I guess the message is finally creeping up the mainstream media ladder—news that jobs are getting impossible to find for tens of thousands of refugees the State Department brings into the US each year with the help of non-profit government contractors. Here is yet another story about mostly Iraqis not finding work. Regular readers may be getting bored with my almost daily posts on the subject, but it’s a topic that has to be discussed over and over again. So far, we have identified 14 states where Iraqis are complaining about not finding work.
US News [with my two-cents worth thrown in]:
Little hard data are available on current employment rates of Iraqi refugees. But at a recent meeting, says Robert Carey, the International Rescue Committee’s vice president of resettlement and migration policy, offices cited a 50 percent drop in their job placements. [BTW, Carey makes a six figure salary mostly funded by the taxpayer].

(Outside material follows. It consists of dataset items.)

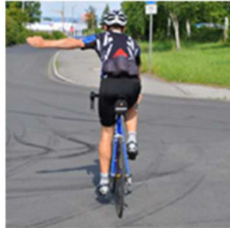
links od. rechts
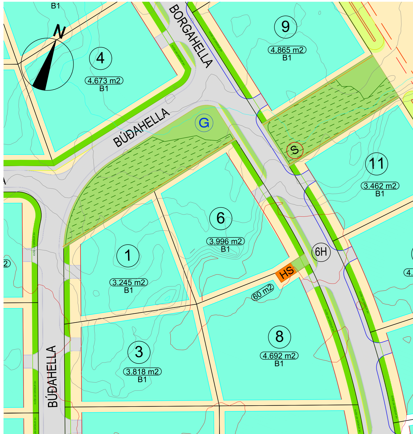
Hluti gildandi deiliskipulags Hellnahrauns 3. áfanga, samþykkt í bæjarstjórn 26. júní 2007 m.s.br MKV 1:1000
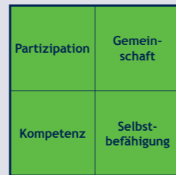
Stärkung der Selbsthilfe
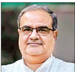
भूपेंद्र सिंह चौधरी, प्रदेश अध्यक्ष, भाजपा

मानसिकता के खिलाफ हर मंच पर लड़ाई लड़ी जाएगी। उन्होंने कहा कि समाजवादी पार्टी जब सत्ता में थी, तब भी उसने बच्चों के भविष्य के साथ खिलवाड़ किया और आज भी कर रही है। पाठशाला में भी उनकी सोच

“That was a fairly common story,” he says. “In my 27 years in this work, I’ve never seen anything that rivals this in terms of its really immediate effect on finding jobs.” [Yesterday’s story had a volag employee saying, “In my 20 years…”]
Even in past economic downturns, entry-level jobs were available to refugees. But those have never been ideal for Iraqis, who tend to be better educated than other arrivals, which means that they compete with Americans for higher-level jobs than do their refugee counterparts. [A lot of higher level Americans are out of work too!]
“You have people who have college educations—who have been working their way up corporate ladders—and suddenly are doing menial labor,” says Debbie Decker, community resource developer at Los Angeles’s Interfaith Refugee and Immigration Service. [I guess menial labor is better than being dead, if indeed it is that dangerous in Iraq]
Read on:
Then, of course, there’s the issue of simple competition—which is worsening as the recession deepens. [no kidding]
Even in cities like Lancaster, Pa., which haven’t been as badly hit by the recession as other places, it’s difficult to find highly skilled Iraqi refugees jobs in their lines of work. Two thirds of the Iraqi refugees served by the city’s Church World Service office are professionals, says director Sheila McGeehan. But none of them have found employment in their own fields.
[Church World Service is one of the top ten government contractors and its subcontractor Virginia Council of Churches is the agency that was resettling refugees in the county in which I live without setting up in advance an extensive volunteer network of churches and others that might serve as the safety net for refugees as the economy went sour. Thank God they didn’t bring more to our county having closed their offices here a year ago.]
That discourages the refugees, advocates say, but it also wastes an enormous pool of talent. The United States is getting, free of charge, people the Iraqi government spent thousands of dollars to educate and train, they say. [Yes, that pool of talent should have been cared for in the Middle East so they would be ready to return and help re-build Iraq. What good is it doing anyone if a highly trained person is competing for a hotel cleaning job in the US ? What about the unfortunate person they are competing against?]
“These people are an enormous asset, but they’re only an asset if we allow them to be one, tap into their skills, allow them to develop,” Carey says. [They should have thought of that before all the do-gooder volags began a media campaign to bring more Iraqis to the US.]
A media and lobbying campaign continues spearheaded by Refugees International president, Ken Bacon, to bring even more Iraqis to the US in this fiscal year—he and others are lobbying President-elect Obama to allow over 100,000 Iraqi refugees to come to the US in one year! In FY 2008 we brought 13,000 and can’t find them employment, what are we going to do for 100,000.
It strikes me that there are two choices. Either begin to slow numbers of refugees to the US while the economy is so bad or do what I bet they are already planning—-figure out how to extend welfare benefits to refugees beyond what the present law allows. With the on-going bailout mentality and the government money printing presses running overtime, I bet they push for the latter.
One final comment from the US News article:
“In Jordan, they told us another thing: that you will be very welcome, you are a victim of the world, and we will start to put a new life for you; you will find a job as a doctor,” he says.
This is not the first time we reported on this comment, that Iraqis were led to believe everything was fabulous in the US. I don’t understand how this happened. Were the overseas processing people flat out lying? If so, why would they lie? Were they just trying to show Iraqis that afterall we are good people (not like those bad Bush people that attacked their country)? Was it just a do-gooder mentality running amok?
Among our hundreds of posts (284 to be exact) on Iraqi refugees we had noted from time to time that not enough Iraqis were even signing up to come to the US, while the anti-Bush forces wanted so badly to show how awful Iraq had become thanks to the US even as the country was improving with the surge. So, were those people (like Refugees International) pushing for more Iraqi refugees as a political ploy—lots of refugees would mean Bush was failing?
Or, was the push for more Iraqi refugees (and lying to them about conditions in the US) just a method to get more refugees into the US so the volags could get their government grants to keep offices open and salaries to staff flowing?
I don’t know the answer, does anyone?